'I'm Broken': Parents of Slain UVA Football Player Speak Out for the First Time

Tabatha Wethal Headshot

The parents of one of the three University of Virginia football players shot and killed last month in a shooting on a bus spoke out for the first time this week.

In a news conference Thursday, Happy and Sean Perry talked about their son, D'Sean Perry, called for changes to gun laws, and for college football athletes to advocate for those changes as well as for mental health issues, as reported by CNN.

D’Sean was shot and killed alongside Lavel Davis Jr. and Devin Chandler on Nov. 13 while on a bus full of students returning to campus after a field trip. Two additional students were also injured in the shooting.

D’Sean, 22, had been talking to his mom, Happy Perry, but “his cell phone had gone dead,” his mother said in an interview with NBC that aired Wednesday.

“I had just gotten off the phone with him,” Happy Perry told the program. “I’m broken."

The Perrys were making their first rounds of interviews since D'Sean's death.

“(College athletes) can stand with us with gun laws – make a statement – and just let them know that they’re behind us,” D’Sean’s father, Sean Perry, told reporters in Coral Gables, Fla., near where the family lives.

“(We want) to make sure another family will never, never go through this again,” Sean Perry said.

The holidays have provided difficult reminders of their loss, Happy Perry said.

“We were trying to put up the Christmas tree to give a little bit of hope in the house. D’Sean was 6-foot-5, so he was always our tree topper,” the mother said Thursday.
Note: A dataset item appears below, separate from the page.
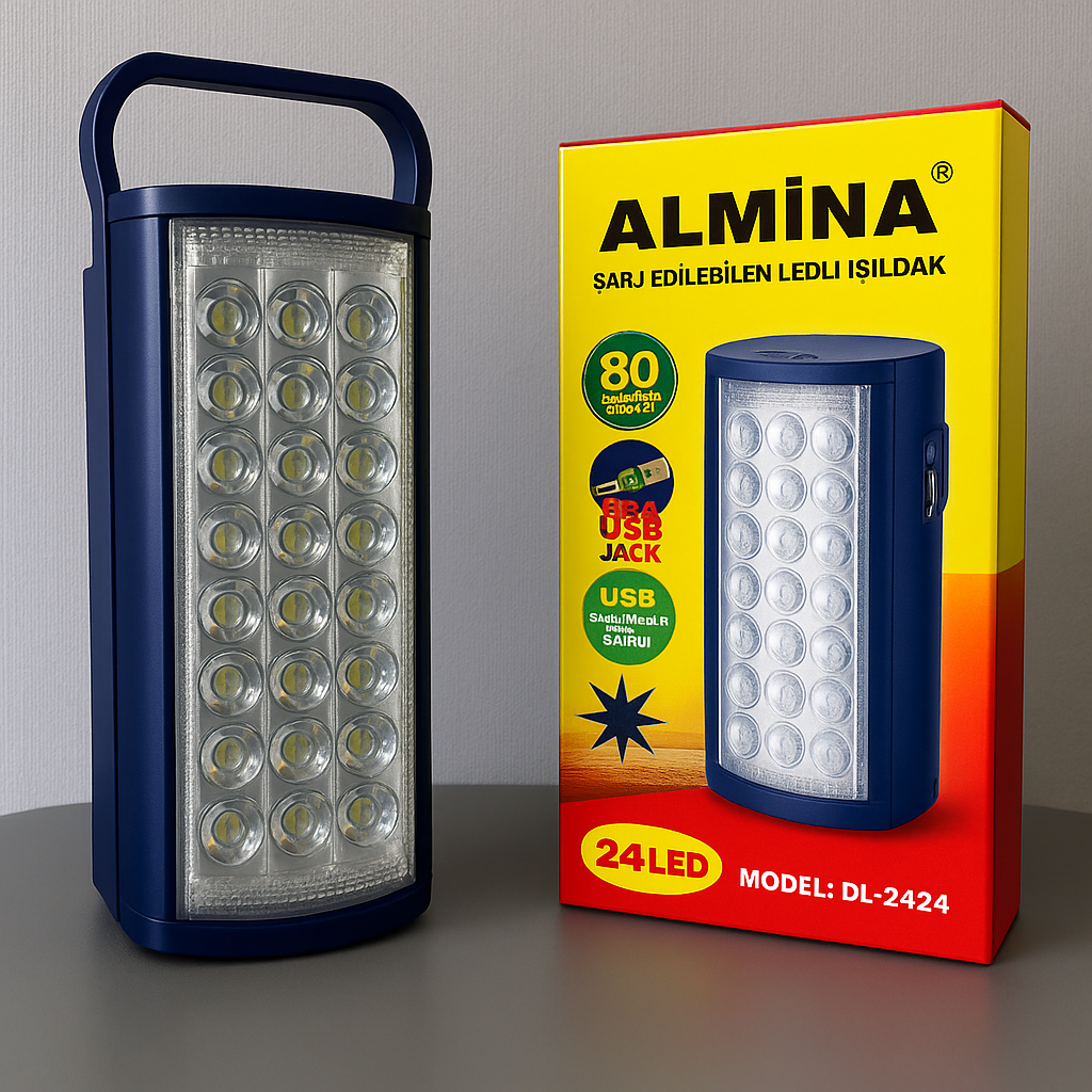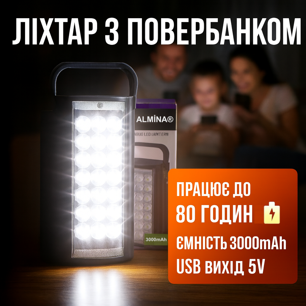 Ліхтар “Алміна” має вищу ціну, тому що використовується якісніша внутрішня начинка. По-перше, встановлений надійніший акумулятор — не звичайний бюджетний елемент, який швидко зношується, а батарея підвищеної ємності та витривалості. Саме вона забезпечує реальні 80 годин роботи без підзарядки

The suspect in the UVA shooting, former UVA walk-on football player Christopher Darnell Jones Jr., faces three second-degree murder charges and three counts of using a handgun in the commission of a felony, authorities said, as reported by CNN. Jones also faces two counts of malicious wounding, each accompanied by a firearm charge.
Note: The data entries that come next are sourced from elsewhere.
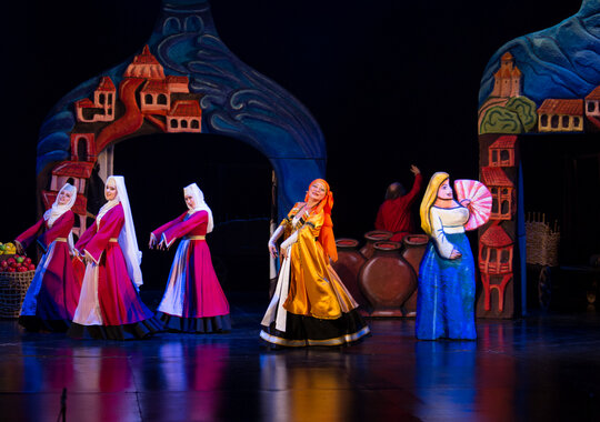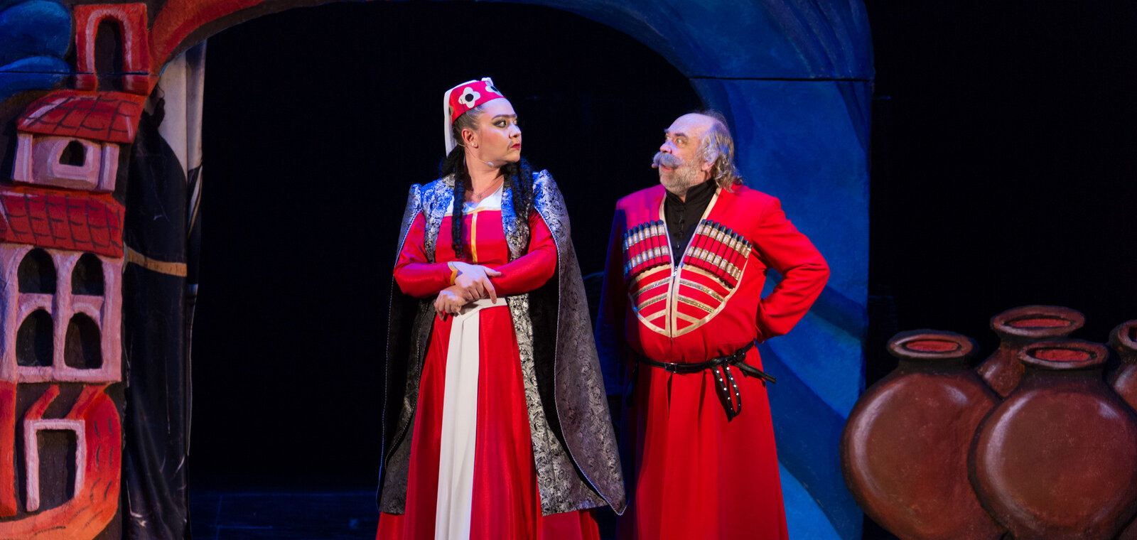 Хотите оказаться в центре веселой и запутанной интриги, случившейся в старом Тбилиси? Классическая музыкальная комедия «Ханума» унесет вас в армянский квартал грузинской столицы конца XIX века. Знаменитая на весь город сваха Ханума имеет планы по поводу женитьбы разорившегося князя Пантиашвили, но в соперничество с ней вступает сваха Кабато, которая не намерена сдаваться. А если прибавить к этой истории молодого влюбленного учителя, честолюбивого купца с мечтою о княжеском гербе, его красавицу-дочку и хитроумного приказчика, то такой клубок под силу распутать только лучшей свахе Авлабара! Хитроумные планы и кавказское веселье, феерию танцев и песен дополнит яркая сценография, вдохновленная образами Нико Пиросмани. В результате закружится история, которая способна поднять даже самое плохое настроение!
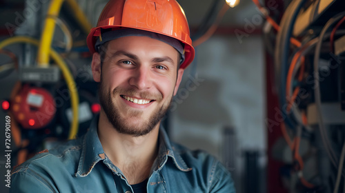 electrician at his workplace smiles to the camera
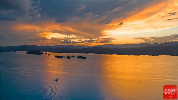 在三伏天的高温中,落日熔金,湖面碧波荡漾,夜游船来回穿梭在杭州千岛湖畔,观赏霞光万丈的日落美景。(国网杭州供电公司纪委 王鑫 摄)

Jones had his first court appearance on Nov. 16 and the court ordered that he be held without bond. He remains in custody in Albemarle-Charlottesville Regional Jail, according to online records.
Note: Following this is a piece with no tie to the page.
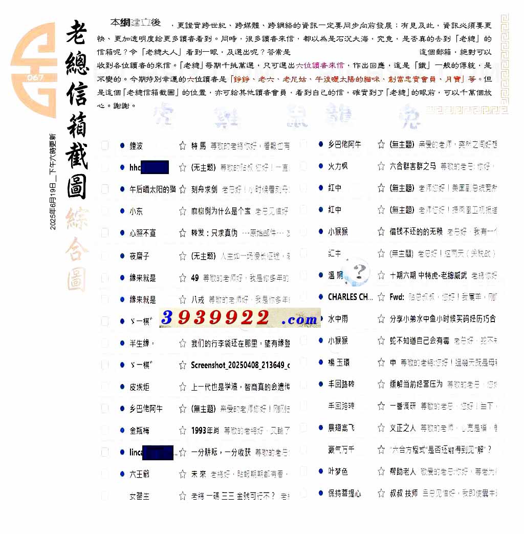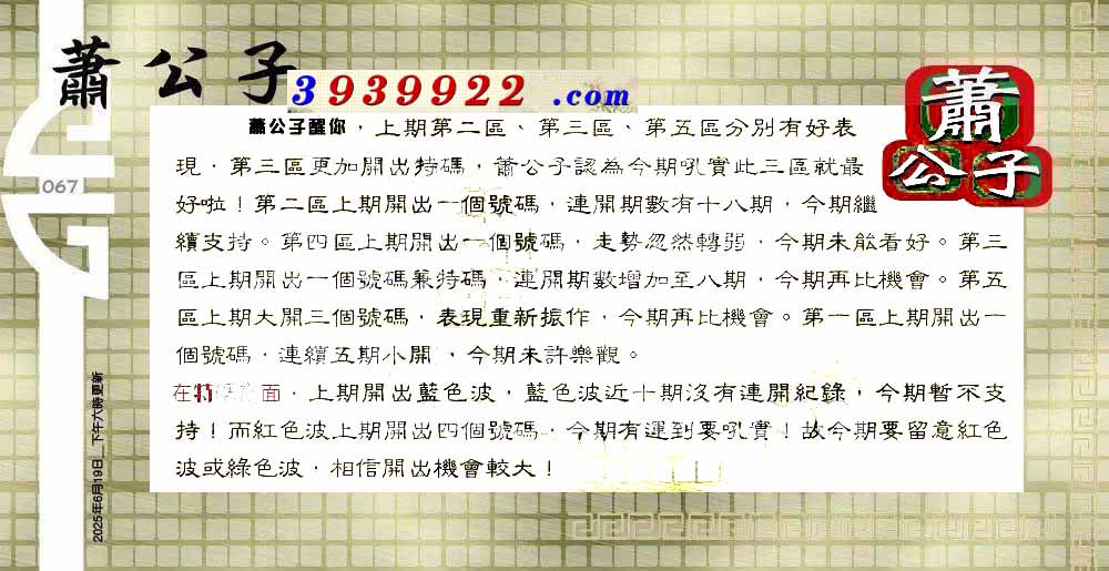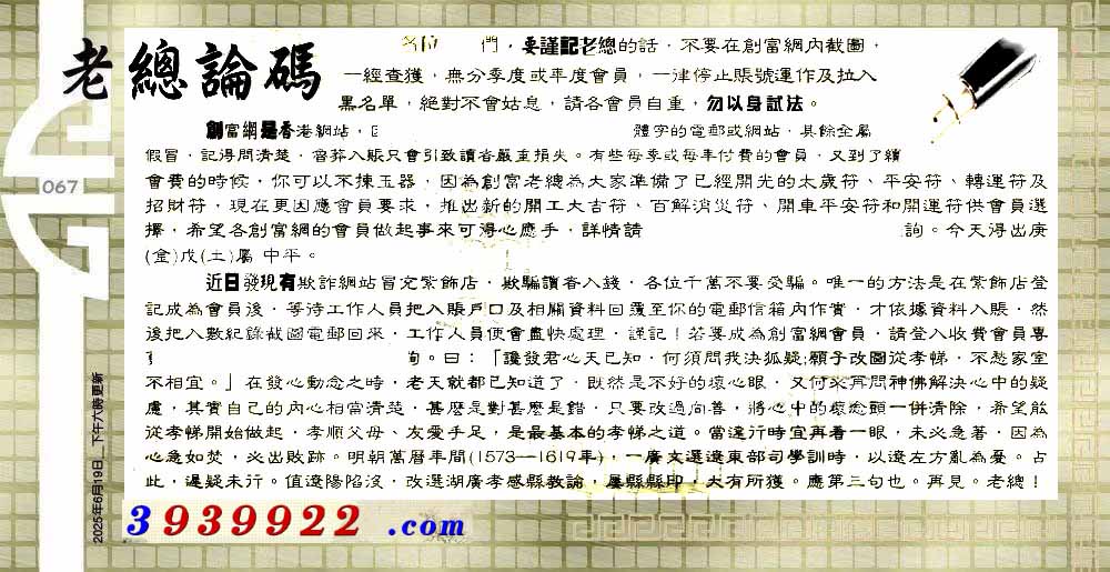 主题 :067期:六合皇金句/老总论码/萧公子/林大师/五行夺码/老总信箱截 |

D’Sean’s parents explained there was more to their son than just football. WRIC-TV reported that D'Sean was closely involved in his community and social justice causes, and could often be found discussing politics and religion.

“D’Sean loved his community and everything that he did, he did to make us proud,” his mother said. “He would come home on his breaks, go to the local parks, throw footballs with the kids, go back to work, help out his coaches, go to the elementary school that’s right around the corner and play basketball with the kids. So he was just a fun-loving young man that did everything right.”

Happy said that what happened to her son could happen to anyone’s child. She advised parents to be involved in their kids’ lives — especially when it comes to mental health.